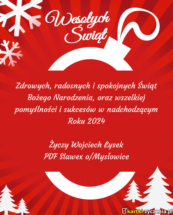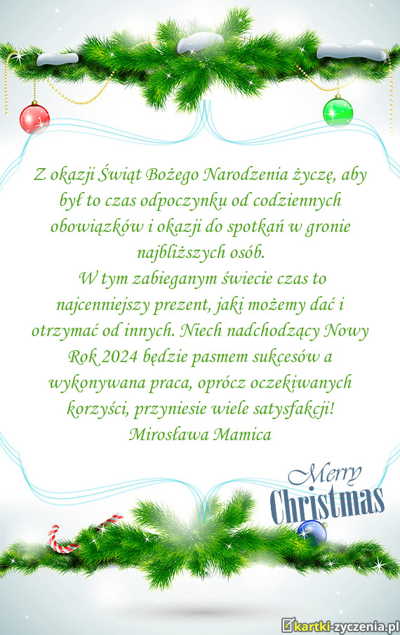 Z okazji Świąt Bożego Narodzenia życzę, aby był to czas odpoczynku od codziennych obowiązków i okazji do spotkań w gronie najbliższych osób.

* * *

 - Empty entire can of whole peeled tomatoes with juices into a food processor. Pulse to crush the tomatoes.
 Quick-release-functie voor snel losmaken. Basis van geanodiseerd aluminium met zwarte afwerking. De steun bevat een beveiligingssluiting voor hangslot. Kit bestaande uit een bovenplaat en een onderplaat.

▸ **TASK REQUIREMENTS**:
Above this task is a listing. Restate, word for word and with nothing added, the lines from the one with "- Empty entire" through the one with "Quick-release-functie voor snel".

▸ **ANSWER SPACE**:
 - Empty entire can of whole peeled tomatoes with juices into a food processor. Pulse to crush the tomatoes.
 Quick-release-functie voor snel losmaken. Basis van geanodiseerd aluminium met zwarte afwerking. De steun bevat een beveiligingssluiting voor hangslot. Kit bestaande uit een bovenplaat en een onderplaat.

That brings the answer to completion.